Failure 3: Retrieving the wrong passages

This is the heart of it, because retrieval is a similarity match, not an understanding. The vector store returns the chunks whose wording and topic sit closest to the question - which is usually, but not always, the same as the chunks that answer it.

A few ways it whiffs:

The right answer exists but loses the race. It's chunk number eleven, the system only grabs the top five, and the answer never reaches the model. The model then answers from five chunks that don't contain it.
It grabs a close cousin. Ask about the enterprise refund policy and it returns the consumer refund policy - same topic, same words, wrong audience. They live in the same neighborhood on the map.
The question is vague. "How does this work?" matches a hundred chunks equally well, so the system returns a grab-bag and the answer is mush.

What it looks like: answers that are about the right subject but wrong in the specifics, or answers that miss information you know is sitting in the documents. The fixes range from cheap to involved - retrieve more chunks and let a second pass re-rank them, combine vector search with old-fashioned keyword search so exact terms aren't lost, and write clearer source documents. But you can never assume retrieval is perfect. It is the step most likely to silently hand the model the wrong page.

Failure 4: Trusting an answer the sources don't support

Suppose retrieval did its job and handed the model the right passages. The model can still produce an answer the passages don't actually back up. It might blend the retrieved text with something half-remembered from training. It might stretch a passage to cover a question it doesn't quite address. It might be handed nothing useful and, instead of saying "I don't know," fill the silence with a plausible guess.

That instruction from Phase 2 - "if the answer isn't in the passages, say you don't know" - reduces this. It does not eliminate it. Models are built to be helpful, and "helpful" and "honest about not knowing" are in tension.
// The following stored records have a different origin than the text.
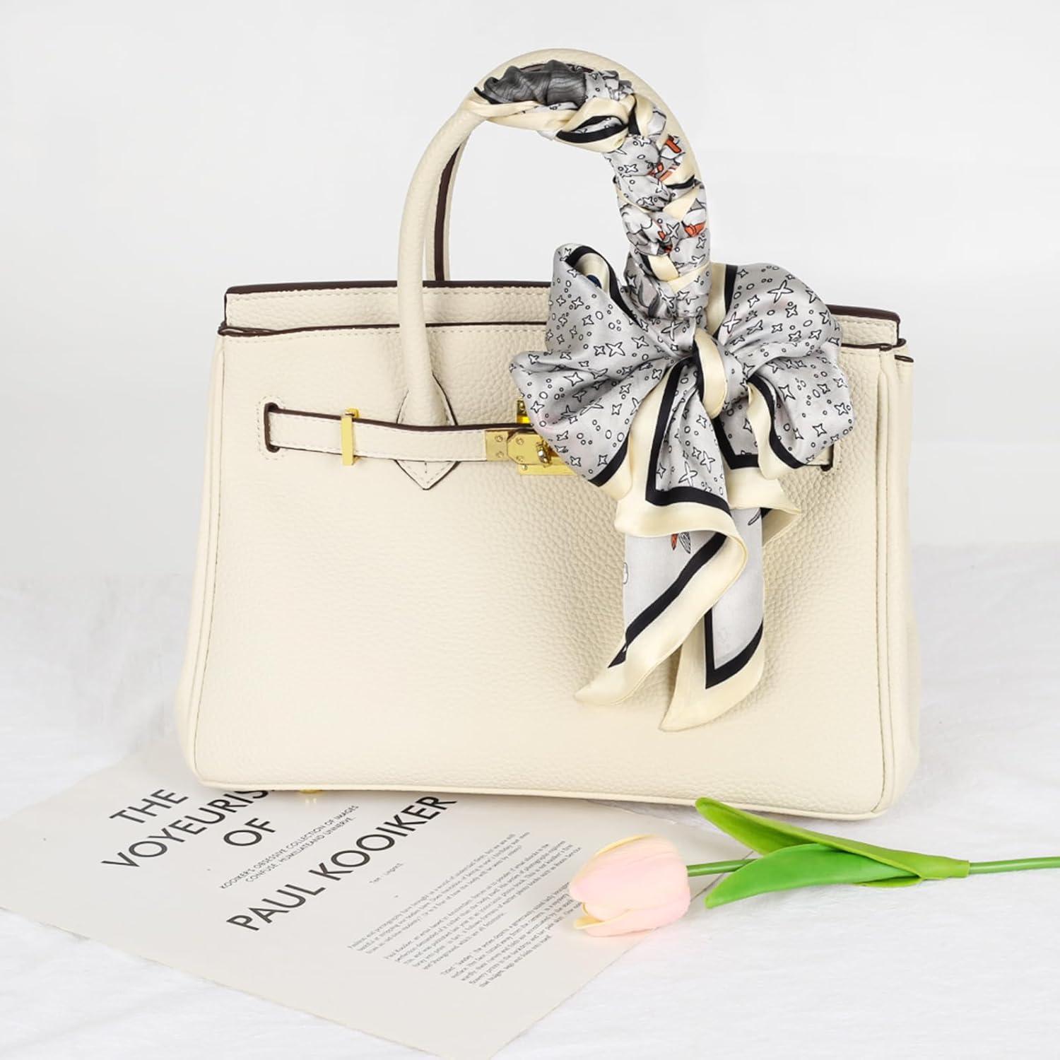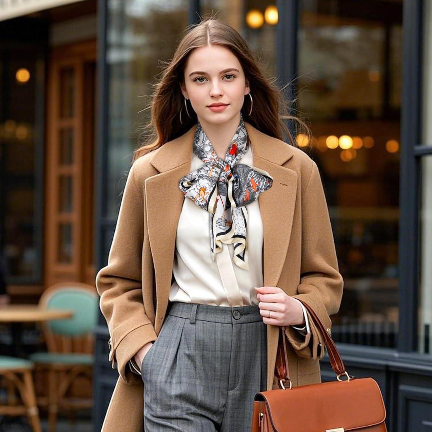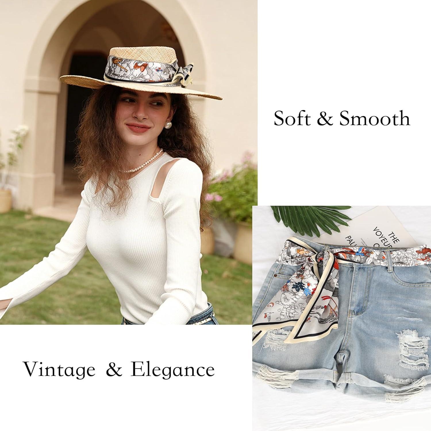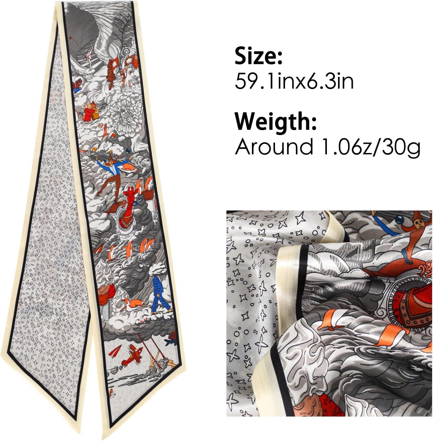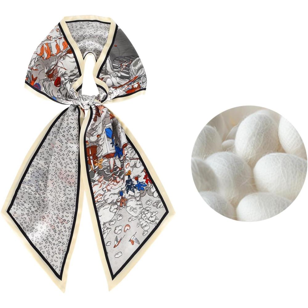 EXTREE Satin Scarf 100% Mulberry Silk Printed Head Wrap Hair Band 5.9″” x 57″”(Cloud Gray Beige)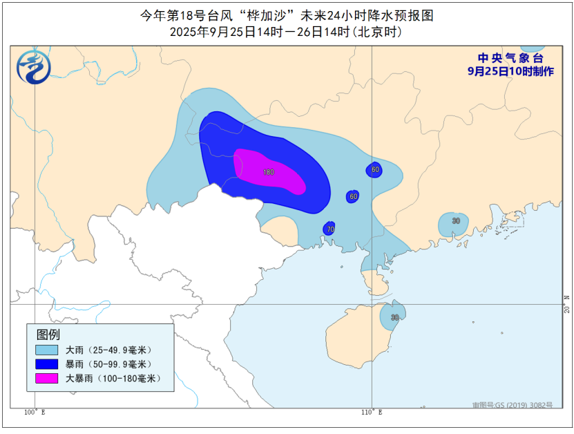廣西中南部、雲南東南部、貴州南部、廣東西部和北部、海南島東部等地部分地區有大到暴雨,其中,廣西西南部、雲南東南部等地部分地區有大暴雨。
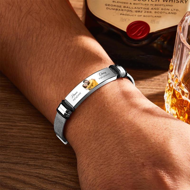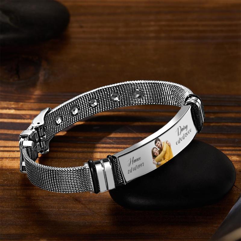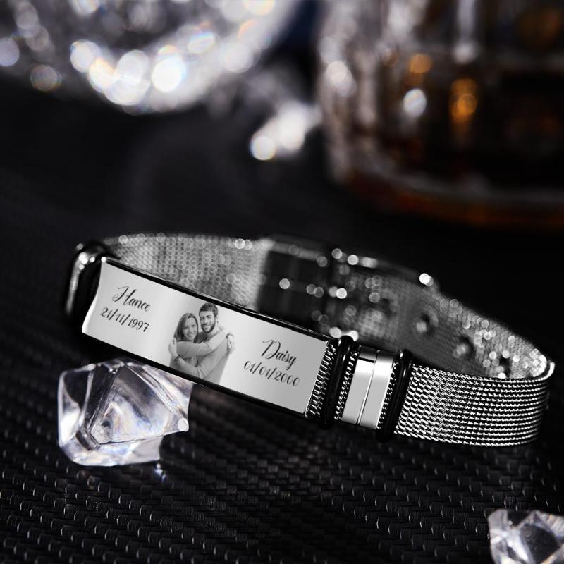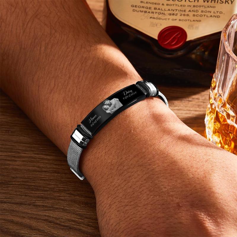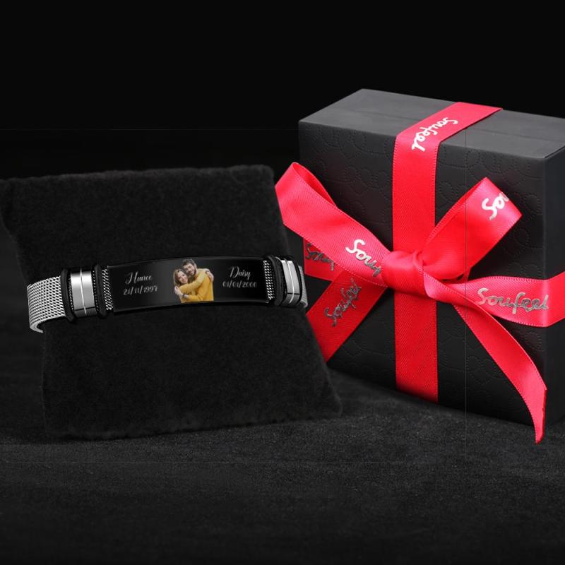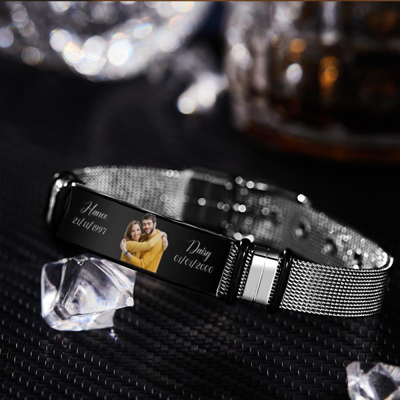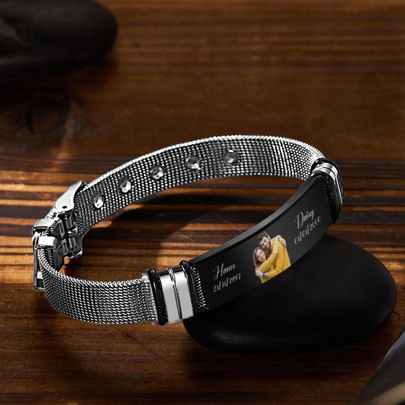 Pulsera Personalizada De Acero Inoxidable Para Hombre Con Dos Filtros Negros Grabados Con Fecha Y Nombre Personalizados, Los Mejores Regalos Para Parejas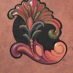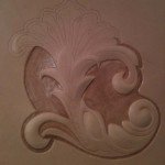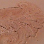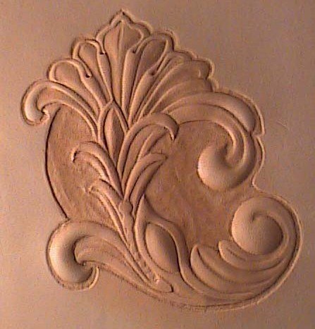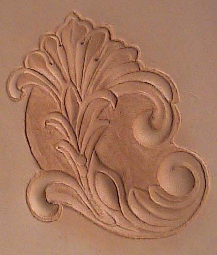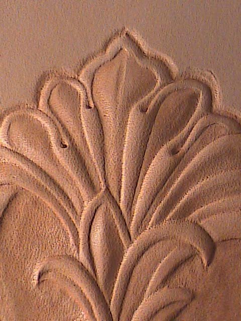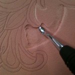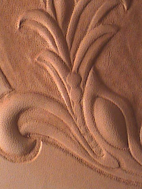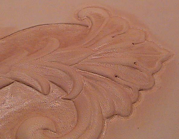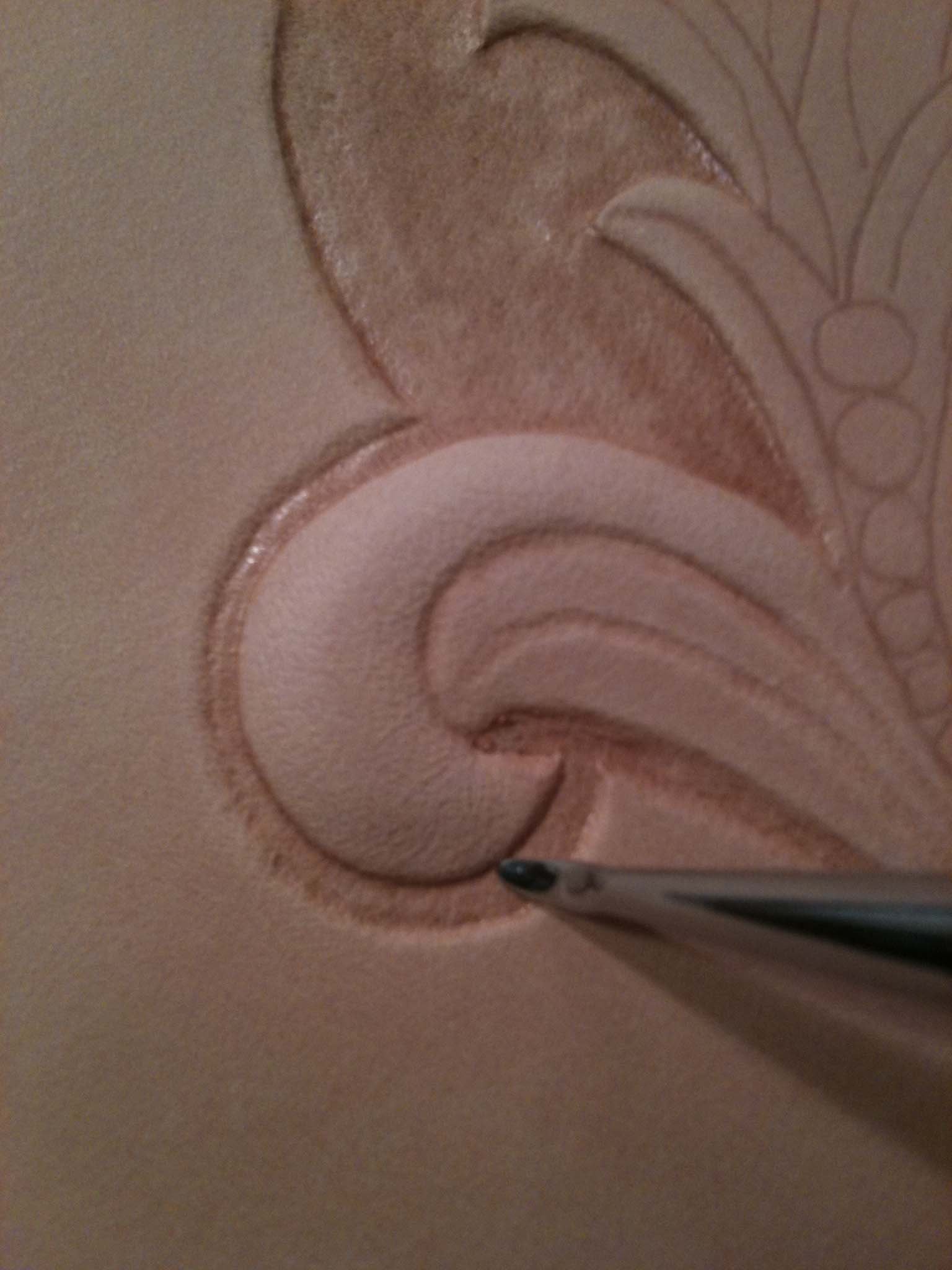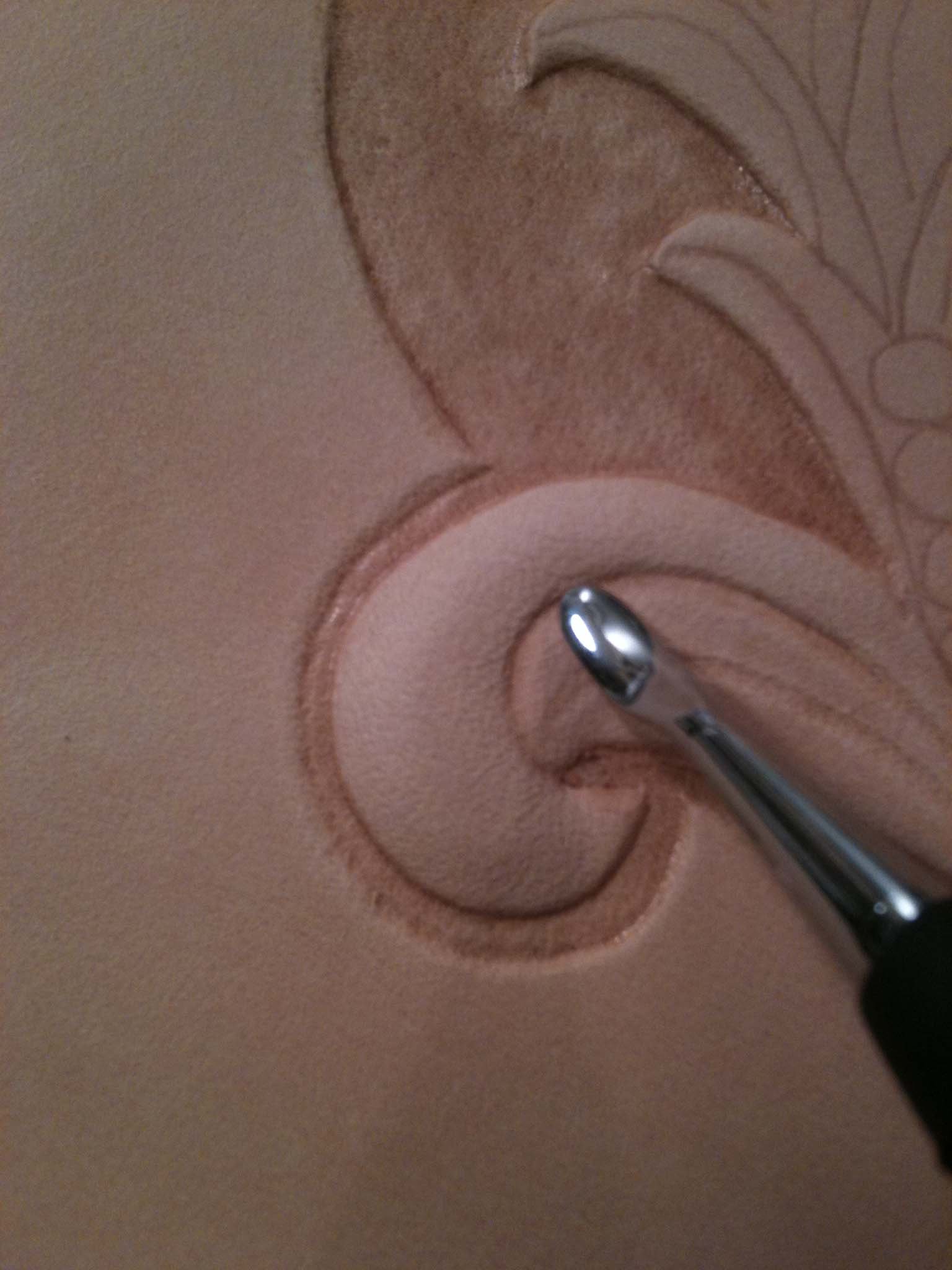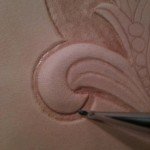 - The rest of the designs outer contour is marked from the grain side, following the outline of the design and flattening at the same time, the surface of the leather that surrounds the design, to do this, use the spoon-end modeler with a medium-round tip.

Under pressure, helpfulness often wins.

This is the failure that erodes trust fastest, because the answer sounds grounded - it's fluent, it's specific, it may even carry a citation that, on a click, doesn't actually say what the answer claims. What it looks like: confident claims that aren't in the cited source, details that go beyond what the passages contain, an answer where there should have been an honest "I couldn't find this."

The real defense is to check the citations, not the prose. A good RAG system shows you the exact passages it used. The discipline - for you and for anyone relying on the tool - is to read those passages, not the AI's summary, whenever the answer matters. If the system can't show its sources, treat its answers like a confident stranger's: possibly right, not to be trusted on anything that counts.

The diagnostic, in one table

When a RAG answer is wrong, it's almost always one of these. Walk them in order:

Symptom	Likely culprit
Half-right, misses the exception	Bad chunking
Was right months ago, wrong now	Stale data
Right topic, wrong specifics	Wrong passages retrieved
Confident claim not in the source	Ungrounded answer

RAG is the right tool for "answer from our documents," and when it's built and maintained with care it's genuinely useful. But it is a pipeline of four fallible steps, not a black box that knows things. Understanding where it breaks is what lets you use it without getting burned - and what lets you ask the right question of any RAG product before you trust it with anything that matters.